** Task data follows **
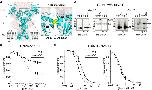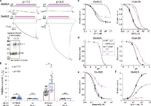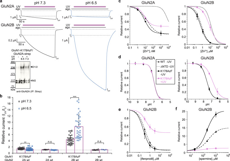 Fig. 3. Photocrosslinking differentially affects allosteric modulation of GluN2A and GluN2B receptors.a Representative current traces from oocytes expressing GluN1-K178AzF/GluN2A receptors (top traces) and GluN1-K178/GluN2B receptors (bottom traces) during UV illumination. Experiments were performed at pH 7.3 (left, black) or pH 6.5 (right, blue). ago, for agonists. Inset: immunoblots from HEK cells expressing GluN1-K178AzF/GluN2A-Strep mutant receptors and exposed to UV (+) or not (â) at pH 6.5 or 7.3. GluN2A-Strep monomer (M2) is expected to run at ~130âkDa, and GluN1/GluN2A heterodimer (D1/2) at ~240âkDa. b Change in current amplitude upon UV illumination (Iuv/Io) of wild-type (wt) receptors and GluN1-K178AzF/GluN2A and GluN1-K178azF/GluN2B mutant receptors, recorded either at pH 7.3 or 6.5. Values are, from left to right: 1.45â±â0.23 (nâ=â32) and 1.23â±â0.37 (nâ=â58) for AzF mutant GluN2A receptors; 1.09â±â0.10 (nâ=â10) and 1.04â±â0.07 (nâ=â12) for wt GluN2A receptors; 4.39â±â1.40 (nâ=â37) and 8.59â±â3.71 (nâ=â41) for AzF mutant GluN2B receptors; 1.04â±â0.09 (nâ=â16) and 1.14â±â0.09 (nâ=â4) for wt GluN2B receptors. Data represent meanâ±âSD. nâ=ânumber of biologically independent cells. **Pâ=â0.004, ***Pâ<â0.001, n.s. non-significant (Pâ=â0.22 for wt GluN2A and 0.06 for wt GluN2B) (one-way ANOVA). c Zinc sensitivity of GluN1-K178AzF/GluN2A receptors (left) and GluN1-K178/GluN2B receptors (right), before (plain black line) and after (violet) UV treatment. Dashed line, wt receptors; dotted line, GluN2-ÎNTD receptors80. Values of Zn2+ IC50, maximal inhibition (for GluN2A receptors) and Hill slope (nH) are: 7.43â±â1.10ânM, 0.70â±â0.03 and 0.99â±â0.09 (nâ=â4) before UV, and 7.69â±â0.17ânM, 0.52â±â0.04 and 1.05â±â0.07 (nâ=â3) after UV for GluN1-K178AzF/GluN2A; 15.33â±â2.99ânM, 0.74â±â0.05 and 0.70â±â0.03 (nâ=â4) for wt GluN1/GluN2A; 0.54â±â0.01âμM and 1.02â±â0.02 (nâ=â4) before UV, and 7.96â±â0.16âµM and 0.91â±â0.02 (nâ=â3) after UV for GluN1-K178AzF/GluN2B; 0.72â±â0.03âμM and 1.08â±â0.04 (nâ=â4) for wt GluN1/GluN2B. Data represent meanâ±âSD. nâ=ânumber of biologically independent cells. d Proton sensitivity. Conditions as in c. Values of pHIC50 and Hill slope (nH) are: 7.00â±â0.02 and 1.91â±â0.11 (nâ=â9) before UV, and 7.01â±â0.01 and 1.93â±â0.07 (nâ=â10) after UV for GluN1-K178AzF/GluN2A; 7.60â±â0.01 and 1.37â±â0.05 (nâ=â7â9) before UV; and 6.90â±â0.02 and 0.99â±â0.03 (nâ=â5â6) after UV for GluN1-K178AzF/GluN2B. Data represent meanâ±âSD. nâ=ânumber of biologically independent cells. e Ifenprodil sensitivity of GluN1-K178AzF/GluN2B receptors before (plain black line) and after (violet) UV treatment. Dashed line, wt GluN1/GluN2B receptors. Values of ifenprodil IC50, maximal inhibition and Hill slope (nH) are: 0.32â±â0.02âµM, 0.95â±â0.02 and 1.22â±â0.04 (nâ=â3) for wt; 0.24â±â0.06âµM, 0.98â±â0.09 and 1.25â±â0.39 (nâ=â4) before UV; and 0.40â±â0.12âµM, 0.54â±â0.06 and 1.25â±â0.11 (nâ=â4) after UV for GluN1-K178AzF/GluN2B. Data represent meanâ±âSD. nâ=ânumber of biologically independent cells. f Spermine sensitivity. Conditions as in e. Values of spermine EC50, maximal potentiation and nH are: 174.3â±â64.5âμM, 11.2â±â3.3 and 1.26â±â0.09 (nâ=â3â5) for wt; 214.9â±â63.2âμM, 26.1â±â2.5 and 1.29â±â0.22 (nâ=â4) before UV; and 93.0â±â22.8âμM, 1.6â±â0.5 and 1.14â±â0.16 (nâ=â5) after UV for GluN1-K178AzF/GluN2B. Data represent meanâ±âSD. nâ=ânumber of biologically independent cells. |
** End of Task data **
** Task data follows **
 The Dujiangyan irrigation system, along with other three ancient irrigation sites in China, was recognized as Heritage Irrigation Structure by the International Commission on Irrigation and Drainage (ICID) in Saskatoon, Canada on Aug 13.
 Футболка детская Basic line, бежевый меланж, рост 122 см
** End of Task data **
** Task data follows **
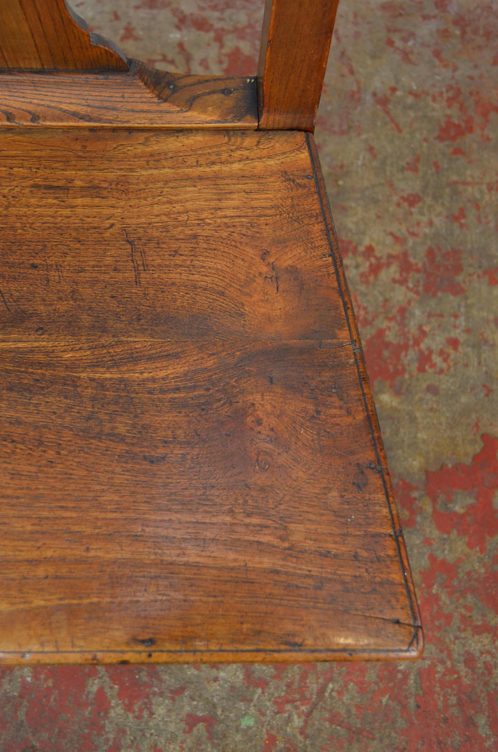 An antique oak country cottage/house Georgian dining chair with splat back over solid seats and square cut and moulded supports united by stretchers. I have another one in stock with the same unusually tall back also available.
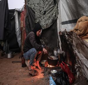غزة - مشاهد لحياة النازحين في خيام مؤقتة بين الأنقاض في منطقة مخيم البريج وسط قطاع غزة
** End of Task data **
- [Exercise]
Please copy the lines above exactly, starting at the line that holds "An antique oak" and ending at the line that holds "غزة - مشاهد"; include both, but no pictures.

- [Answer for this exercise]
 An antique oak country cottage/house Georgian dining chair with splat back over solid seats and square cut and moulded supports united by stretchers. I have another one in stock with the same unusually tall back also available.
غزة - مشاهد لحياة النازحين في خيام مؤقتة بين الأنقاض في منطقة مخيم البريج وسط قطاع غزة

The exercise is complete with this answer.